I was wonder who would sign a dot local certificate. I hadthe impression you were using 'real' (trusted) certs. -
Correct, they are created outside of PFSense using OpenSSL and then set during the install. Here is the config of the server cert:
##Required
[ req ]
default_bits = 4096
distinguished_name = req_distinguished_name
req_extensions = v3_vpn_server
prompt = no##About the system for the request. Ensure the CN = FQDN
[ req_distinguished_name ]
commonName = $host_name.$INTERNAL_DOMAIN_NAME
countryName = $COUNTRY
stateOrProvinceName = $STATE
localityName = $LOCATION
organizationName = $ORGANIZATION##Extensions to add to a certificate request for how it will be used
[ v3_vpn_server ]
basicConstraints = critical, CA:FALSE
subjectKeyIdentifier = hash
keyUsage = critical, nonRepudiation, digitalSignature, keyEncipherment, keyAgreement
extendedKeyUsage = critical, serverAuth
subjectAltName = @alt_vpn_server##The other names your server may be connected to as
[alt_vpn_server]
DNS.1 = $host_name
DNS.2 = $host_name.$INTERNAL_DOMAIN_NAME
DNS.3 = *.$INTERNAL_DOMAIN_NAME -
It's the 'purpose' flags set on the cert. For example on a cert created in pfSense:
steve@steve-MMLP7AP-00 /tmp/mozilla_steve0 $ openssl x509 -noout -purpose -in FreeRADIUS+Server+Certificate.crt Certificate purposes: SSL client : No SSL client CA : No SSL server : Yes SSL server CA : No Netscape SSL server : Yes Netscape SSL server CA : No S/MIME signing : No S/MIME signing CA : No S/MIME encryption : No S/MIME encryption CA : No CRL signing : No CRL signing CA : No Any Purpose : Yes Any Purpose CA : Yes OCSP helper : Yes OCSP helper CA : No Time Stamp signing : No Time Stamp signing CA : NoThough as I understand it most things ignore this so it's unlikely you would see an issue using that cert for the pfSense webgui.
-
@stephenw10 Dont know if you got my response to this...I think I replied via email and Im not sure if that works.

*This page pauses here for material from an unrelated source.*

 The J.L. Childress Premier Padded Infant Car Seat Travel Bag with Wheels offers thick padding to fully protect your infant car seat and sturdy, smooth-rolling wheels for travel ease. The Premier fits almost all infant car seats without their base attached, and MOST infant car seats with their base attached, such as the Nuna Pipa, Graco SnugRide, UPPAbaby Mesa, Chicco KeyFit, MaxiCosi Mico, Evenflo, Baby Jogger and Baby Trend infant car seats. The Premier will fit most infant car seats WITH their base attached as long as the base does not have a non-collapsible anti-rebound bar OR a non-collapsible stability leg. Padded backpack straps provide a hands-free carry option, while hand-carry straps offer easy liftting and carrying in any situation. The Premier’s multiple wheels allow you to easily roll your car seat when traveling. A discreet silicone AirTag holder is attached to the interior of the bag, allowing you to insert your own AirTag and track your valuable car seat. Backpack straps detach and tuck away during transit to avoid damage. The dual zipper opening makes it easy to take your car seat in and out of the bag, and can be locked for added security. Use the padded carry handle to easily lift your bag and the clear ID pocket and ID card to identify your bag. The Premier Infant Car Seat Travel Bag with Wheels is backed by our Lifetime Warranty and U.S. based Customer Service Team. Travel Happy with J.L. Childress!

I did find some things to clean up in my cert creation process but I still havent been able to get this flag to show up. I use openssl to create my certs...do you know what switch on openssl to use or if there is a value in the config or x509 settings that would kick this off? It dosent seem like its a big deal...things seem to work but would be nice to get everything to line up. Thank you for taking a look though!
-
My understanding is that the flag is largely deprecated which is why it works fine and most things ignore it.

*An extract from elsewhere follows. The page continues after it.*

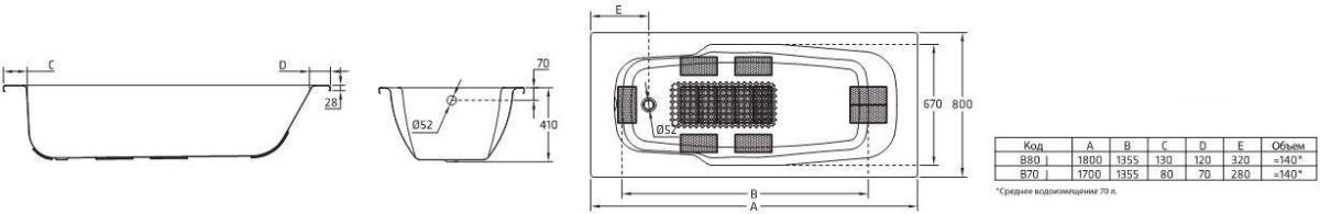 - Монтаж: на ванну

I've never really tried but I would expect to be able to set that if you're creating it with openssl.Steve
-
@stephenw10 Thats what Im looking for is the flag for openssl...I cant seem to find it anywhere. It dosent seem like its used much..would just like to find it so the UI looks right.
-
Hmm, I guess I would start digging here:
https://github.com/pfsense/pfsense/blob/master/src/etc/inc/certs.inc#L688 -
@stephenw10 Wow, I think thats it! perfect! I was just adjusting those attributes for something else and I think I need that attribute for the VPN sever actually...was having issues with that. Great timing, thanks!
-
Ha, lucky!
-
@stephenw10 I have this working correctly now! Thank you so much for your help!
-
Ah, nice! What was the required incantation?
-
@stephenw10 I needed to add server into the nsCertType and serverAuth into extendedKeyUsage in the x509 extensions but need to add the x509 extensions as a command line arg to openssl, adding them into the config file dosent seem to work. Have to create it this way:
openssl x509 -CAcreateserial -req -days 7300
-in $cert_dir/$cert_name.csr
-CA $cert_dir/id_rsa.crt
-CAkey $cert_dir/id_rsa
-passin pass:$ca_pwd
-sha256
-extfile <(printf "$extFile")
-out $cert_dir/$cert_name.crtthe -extfile get the contests of the x509 stuff.